Devices in integrated circuits are frequently subject to various types of degradation. For example, p-channel field effect transistors (pFETs) may be affected by Negative Bias Temperature Instability (NBTI) due to a negative gate bias applied to the pFETs for prolonged periods of time. The NBTI may cause the threshold voltage of the pFETs to rise due to the creation of lattice imperfections at the boundary of the oxide and silicon.
One type of circuit that may experience problems due to NBTI degradation and its associated effects is a clock distribution circuit in which the transitioning of the clock between logic high and low can be selectively disabled. A clock distribution circuit with many inverters connected in series, for example, may have its input selectively disabled in order to conserve power that would otherwise be consumed by continuously transitioning the series-connected inverters. The input to the clock distribution circuit may be selectively disabled by, for example, using a control gate (e.g., a NAND gate) and a control signal (e.g., an enable signal). Where a NAND gate is used as the control gate, the clock and enable signals are input to the NAND gate and the output of the NAND gate is provided as the input to the clock distribution circuit. The input to the clock distribution circuit may be disabled by bringing the enable signal to logic low in order to assure that, regardless of the clock signal, the input to the clock distribution circuit is always logic high. When the input to the clock distribution circuit is logic high, every other inverter will have a conductive pFET and a non-conductive nFET, with the alternating inverters having a non-conductive pFET and a conductive nFET. In this state, the pFET of every other inverter may experience NBTI degradation when the clock transitioning is disabled, while the pFETs of the alternating inverters may not similarly degrade. If the input to the clock distribution circuit is always disabled as logic high, the same pFETs will always experience NBTI degradation, while the other pFETs will not experience NBTI degradation during the disabled state of the clock distribution circuit. The uneven degradation of the pFETs may cause duty cycle distortions on clock signals that are subsequently propagated through the clock distribution circuit.

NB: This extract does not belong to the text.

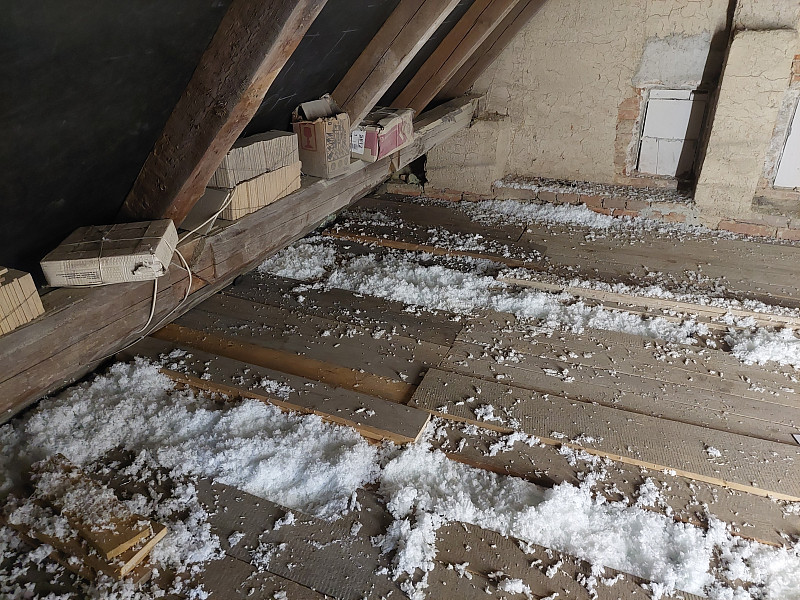 Na konci srpna 2025 zateplila Poctivá izolace strop stávajícího rodinného domu ve Velkém Meziříčí. Rodinný dům disponoval sedlovou střechou a krytinou z tašek. Na trámovém stropě shora byl záklop z prken, které investor v pruhu demontoval, aby nám vytvořil montážní vstup pro foukání izolace do trámové dutiny vysoké 18 cm. Na celkovou plochu asi 90 m2 bylo tedy třeba zhotovit novou vrstvu izolace. Jako materiál byla zvolena skelná minerální izolace Supafil loft PRO od společnosti Knauf, kterou náš profi tým proškolených pracovníků nafoukal do trámové dutiny pod prkenný záklop ve vrstvě vysoké 18 cm s vyšším objemem izolace. Vznikla tak nová plně funkční izolační vrstva, která zajistí dokonalý tepelný komfort v domě po celý rok.

Furthermore, in addition to NBTI, several other types of degradation can affect various operating characteristics of pFETs and/or nFETs, such as their saturation current, threshold voltage, channel mobility, leakage, and so forth. Some of these degradation processes may, similar to NBTI, unevenly wear the pFETs and/or the nFETs depending on the disabled states of the pFETs and/or the nFETs. As just one example of another type of degradation, Carrier Hot Channel (CHC) may affect both nFET and pFET devices. As with NBTI, these other degradation processes may alter the operating characteristics of the pFETs and/or nFETs, which may ultimately distort the duty cycle of a subsequently propagated clock signal or otherwise cause problems.